In 2020, LaFleur was recognized as a Citizen Artist by the John F. Kennedy Center in Washington, D.C., celebrated for embodying the values of service, justice, freedom, courage, and gratitude through her art. Her accolades include awards and fellowships from the Andrew W. Mellon Foundation, the National Endowment for the Arts, and the Ford Foundation. Her work has been featured in Slate, the Advocate, Hyperallergic, and the Brooklyn Rail, with notable presentations at institutions such as Tate Modern (London), SXSW (Austin, TX), the Reykjavik Art Museum (Iceland), the Contemporary Art Museum (Houston, TX), Telematic Media Arts (San Francisco, CA), and the Czong Institute for Contemporary Art (South Korea).
LaFleur is the founder of the Future Feminist Lab and an Associate Professor in New Media Art and Feminist Discourse in the College of Visual Art and Design at the University of North Texas. Prior to this role, she served as a visiting professor of art and digital studies at Davidson College. LaFleur earned her MFA as a Media Art Fellow (2014) at Emerson College where she pursued experimental filmmaking and conducted research in transmedia activism as an affiliate at the Massachusetts Institute of Technology Media Lab. Her studio is currently based in Texas, where she is represented by Galleri Urbane Marfa + Dallas, and resides with her wife and two children.
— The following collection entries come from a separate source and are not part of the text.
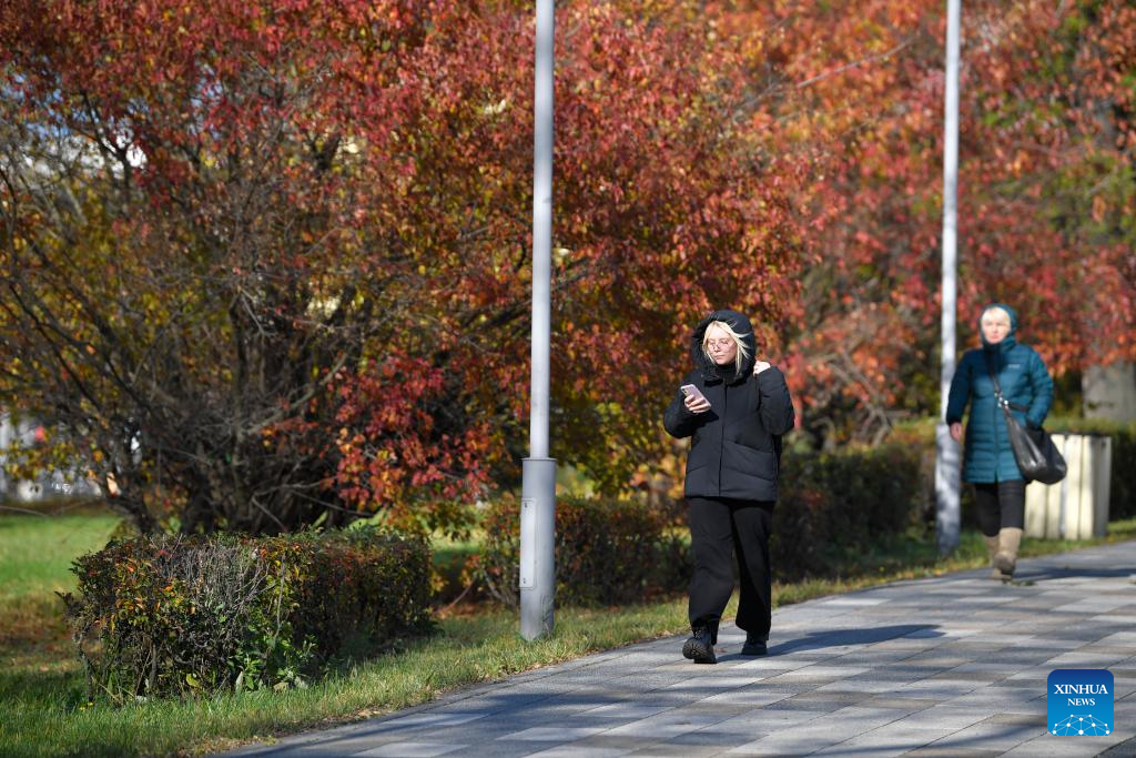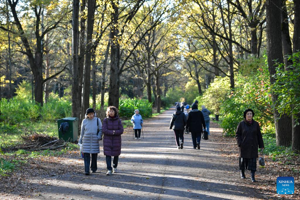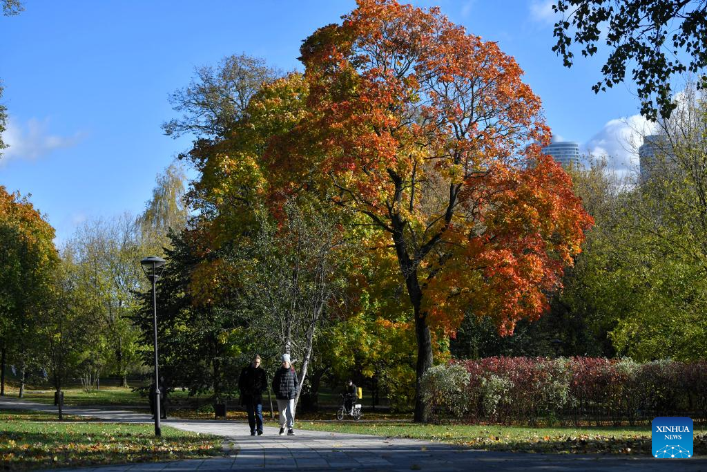 People enjoy an autumn walk in a park in Moscow, Russia, Oct. 13, 2023. (Photo by Alexander Zemlianichenko Jr/Xinhua)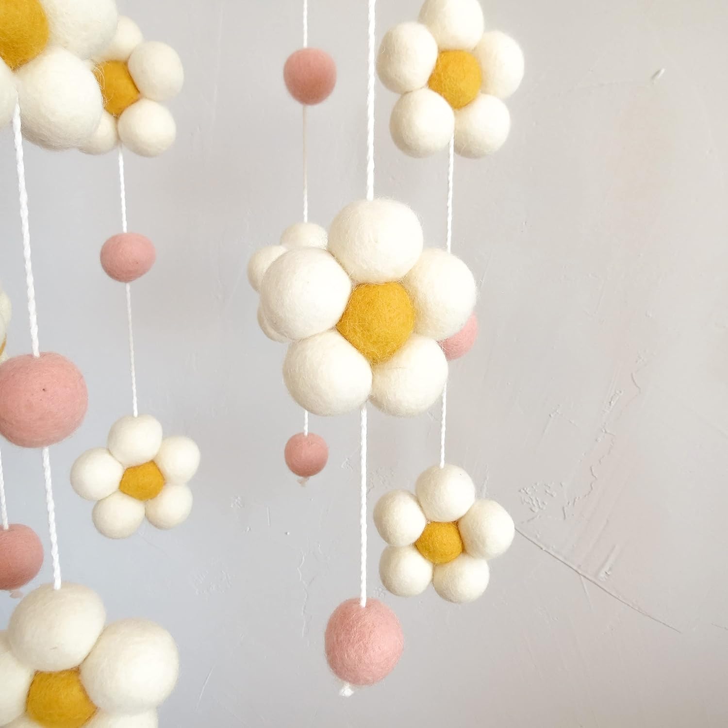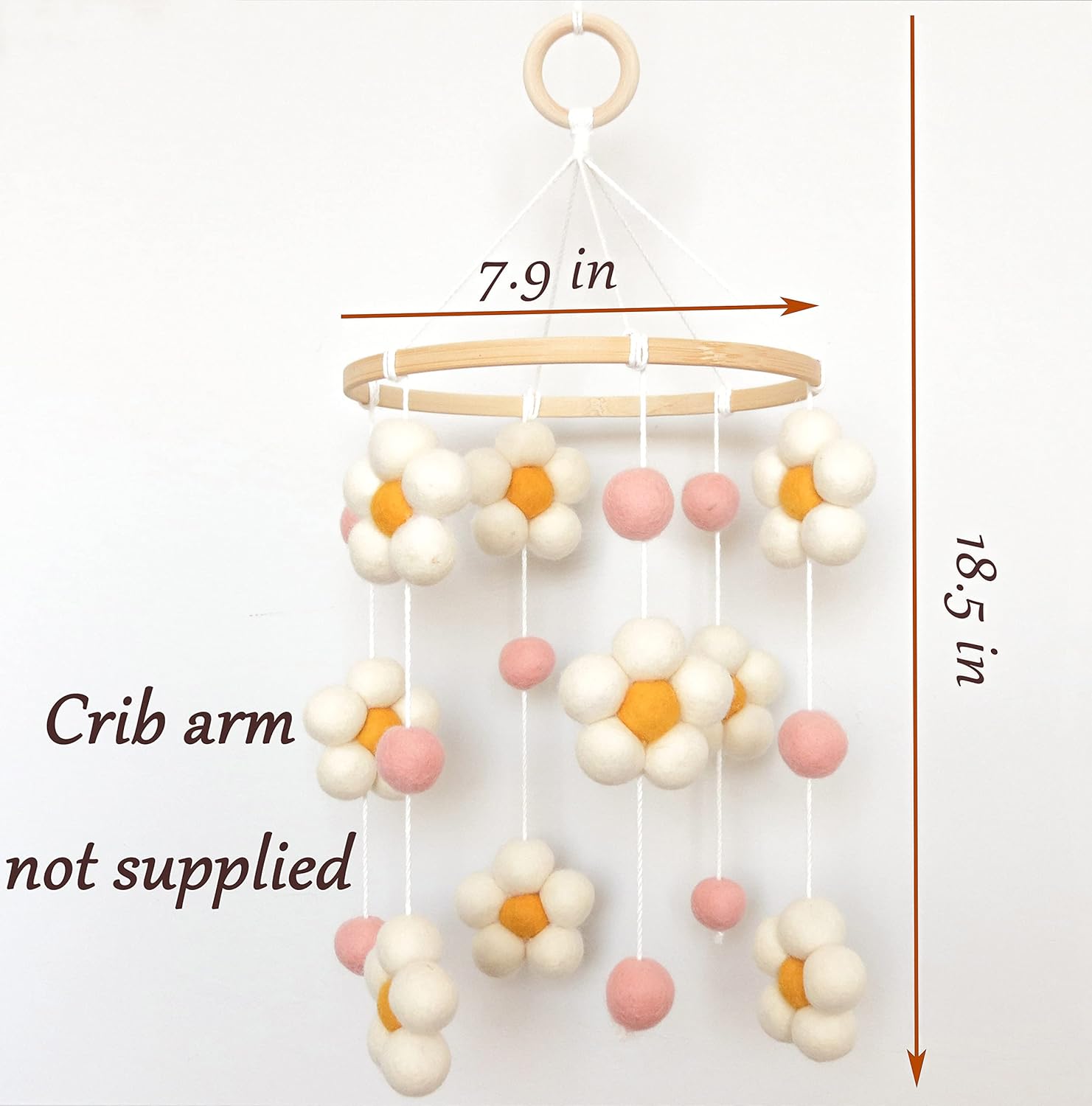 This baby crib mobile adds a calming aesthetic to your nursery with its soft pink felt flowers and white daisies. Designed to gently rotate and capture your baby's attention, itâs more than just a decorationâitâs a tool for sensory development and a source of comfort during sleep.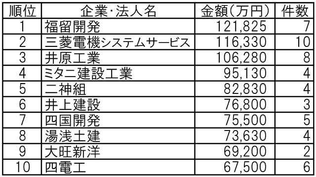 福留開発が受注額首位/四国整備局上期工事発注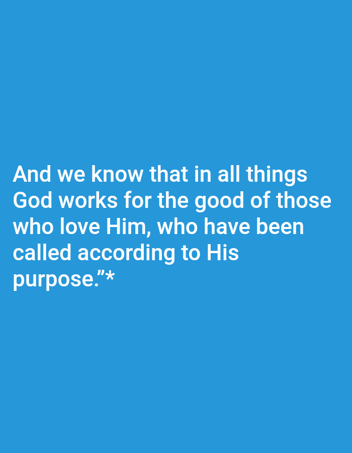 The image displays white sans-serif text centered horizontally against a solid, light blue background. The text reads: "And we know that in all things God works for the good of those who love Him, who have been called according to His purpose."* The bottom line of text terminates with an asterisk. No other subjects, objects, people, actions, interactions, or environmental details are present. The image contains no visual information to suggest a location within the city of Ado-Ekiti, Nigeria, or any other physical setting.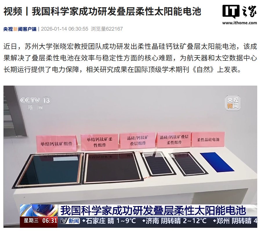 IT之家 1 月 14 日消息,据央视新闻今日报道,苏州大学张晓宏教授团队成功研发出柔性晶硅钙钛矿叠层太阳能电池,该成果解决了叠层柔性电池在效率与稳定性方面的核心难题,为航天器和太空数据中心长期运行提供了电力保障,相关研究成果在国际顶级学术期刊《自然》上发表。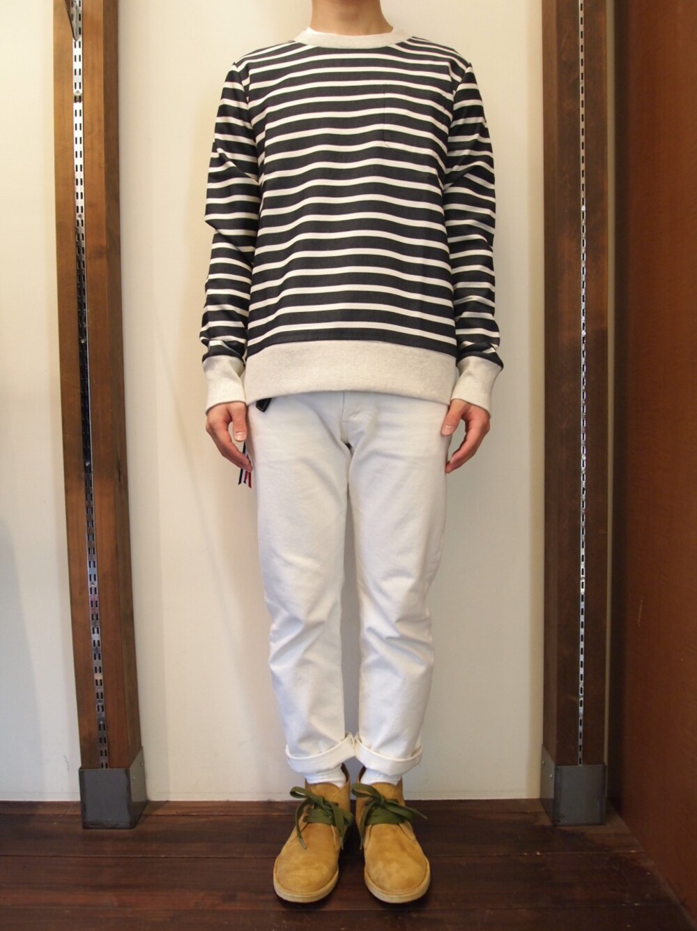 春らしく爽やかな白デニムに、 トップスは一ひねりあるスウェットで。 裏返した時も、オールホワイトの中にボタニカル柄のポケット、 ほんのり透けるボーダー柄で、やり過ぎないホワイトコーデで着ていただけると思います。 +でジャケットを着て、インナー使いをしてもとても映えるスウェットなので、 靴のトーンに合わせた、柔らかなカラーの羽織りがオススメです。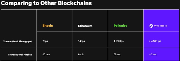Avalanche 的交易吞吐量超過 4,500 tps,交易終結時間不到 2 秒。與其他區塊鏈網絡相比,這非常具有前景。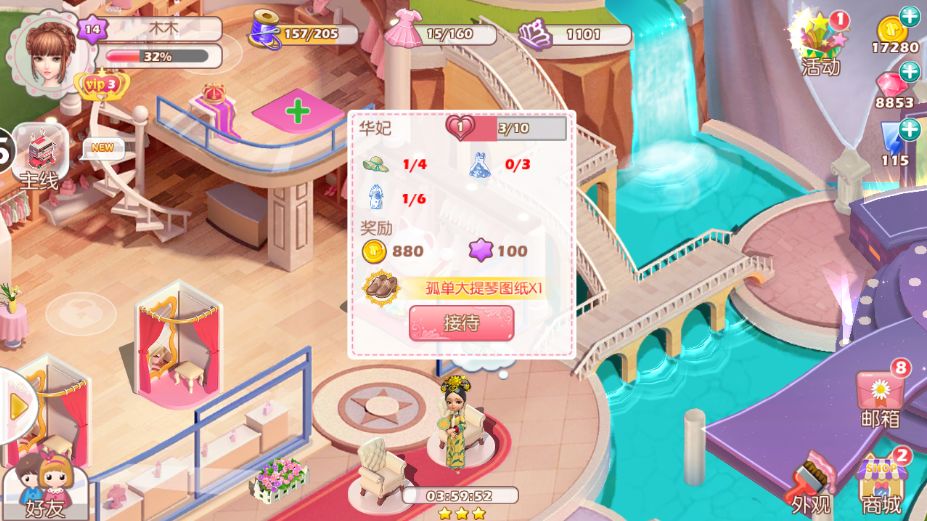 最后还要提醒我们的女王大人,要注意客人的需求和仓库的空间哦,精打细算才能快速致富,聘请白富美(新模特),装饰王国,走向人生巅峰^_^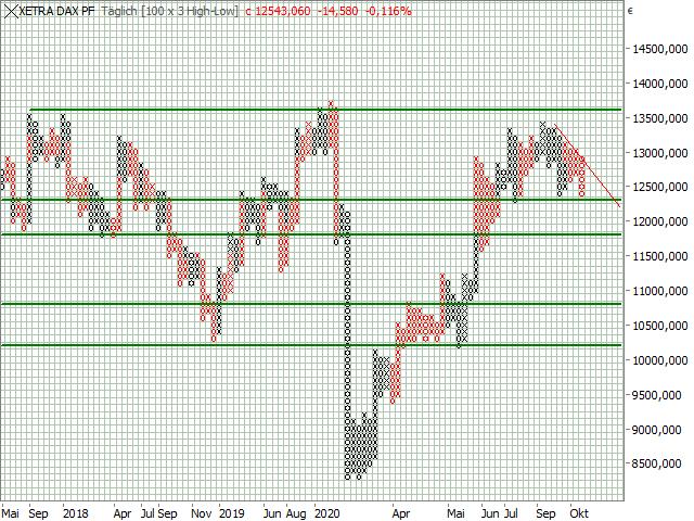 In dit verband is het interessant om de Point & Figure Chart van de DAX te bekijken. In het geval van een daling onder het dieptepunt van september, zou er ook een shortsignaal optreden in deze kaartweergave. Aan de andere kant is het nodig om hier de 13.000 te herwinnen, om de technische uitgangspositie stabiliseren. Aan de positieve kant, harmonieert de P&F chart heel goed met de 50-dagen lijn (momenteel op 12.930 punten) en de meest recente “swing high” op 13.029 punten. Het herstel dat gisteren begon, zet de DAX waarschijnlijk vandaag voort. Er is dus een kans op een verder herstel.
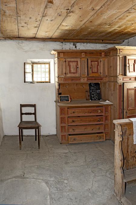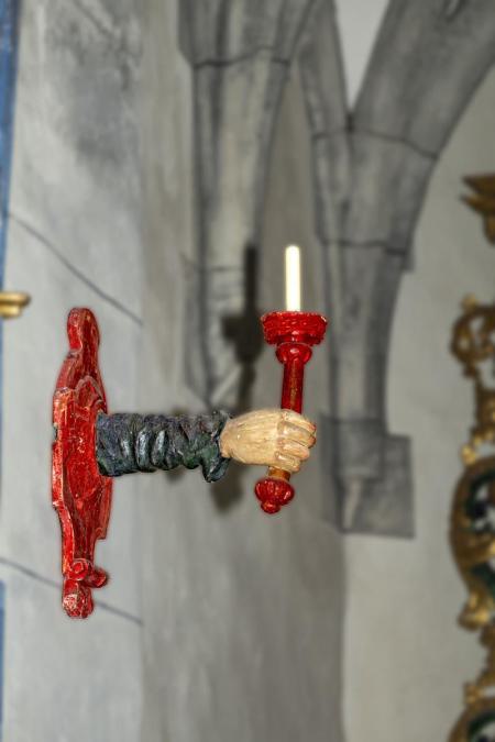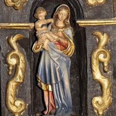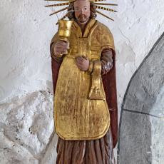 Heute wieder in Sogn Glieci in der Nische hoch über dem Schiff auf der linken Seite aufgestellt - hinter Panzerglas.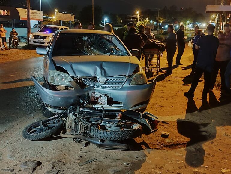La motocicleta Taiga TL 150 circulaba con dirección a Luque, mientras que el automóvil, en sentido contrario. El Toyota Allex iba a girar a la izquierda para entrar en una calle sin nombre y allí se produjo el violento impacto.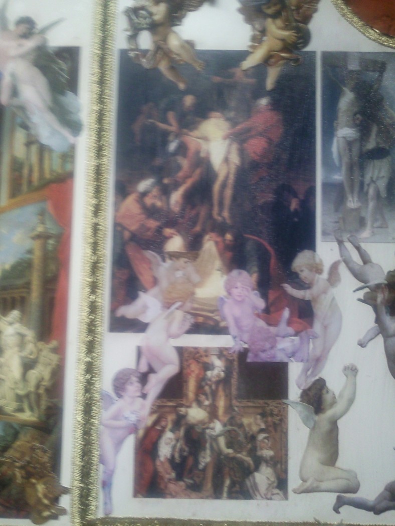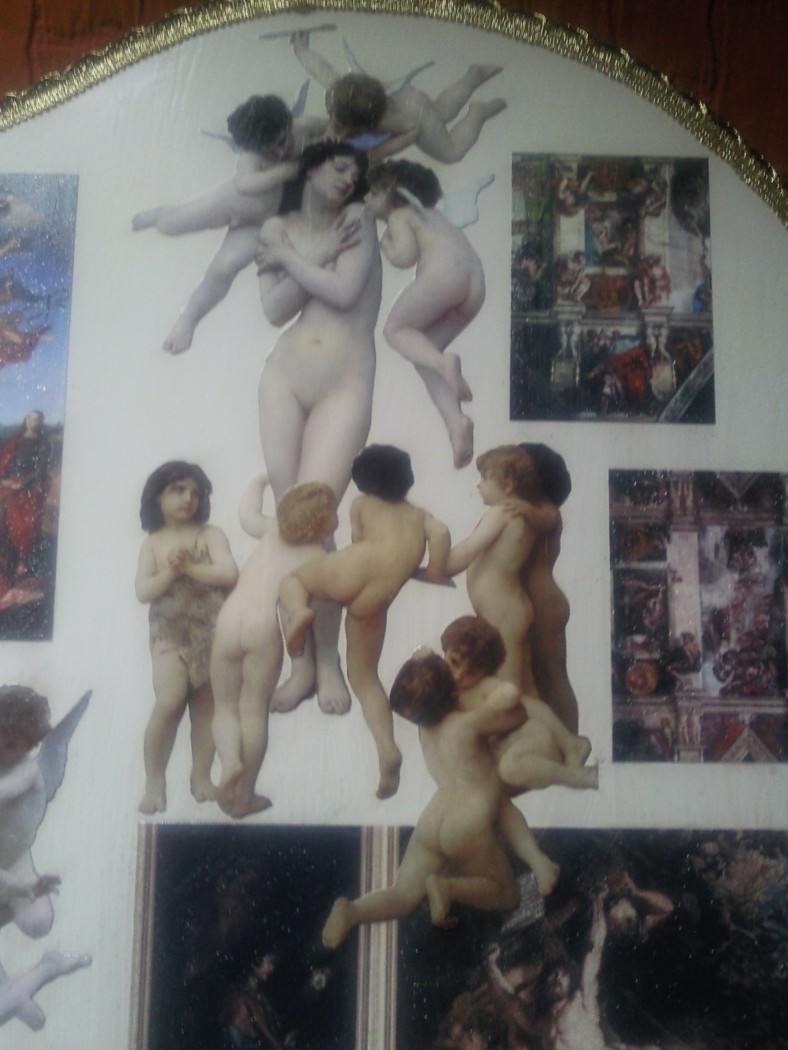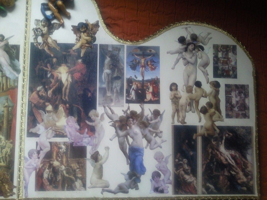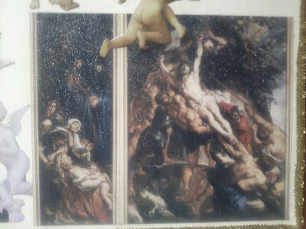 David, te ha quedado precioso y muy,muy original, sobre todo la parte central, quizás porque las fotos se ven más claras, me gusta porque tienes varias pinturas barrocas muy conocidas y a mi el arte renacentista y sobre todo barroco me entusiasma,muy buen trabajo, quizás yo habría hecho los angelitos algo más claros, imitando porcelana, yo los tengo muy parecidos, porque así se integrarían mejor con el conjunto, que en las fotos se ve mucho más claro, pero puede ser que las fotos los haga más oscuros de lo que realmente son o el betún de judea que oscurece mucho las figuras. Enhorabuena. Saludos

Above: Video by Onstead Institute + Tamarind Studio about LaFleur's studio practice
Short Bio
American, lives in Texas
Liss LaFleur is visual and conceptual artist whose interdisciplinary practice includes video, performance, 3D animation, fiber, and glass. Drawing from an extensive set of references—queer theory, modernism, technofeminism, and personal history—she synthesizes multiple disciplines in immersive installations. The artist holds an MFA Emerson College and is currently an Associate Professor of Art at the University of North Texas. She is represented by Galleri Urbane in Dallas, TX and has received a Citizen Artist Fellowship from the John F. Kennedy Center (2020) and an Immersive Scholar Fellowship from the Andrew W. Mellon Foundation in (2018).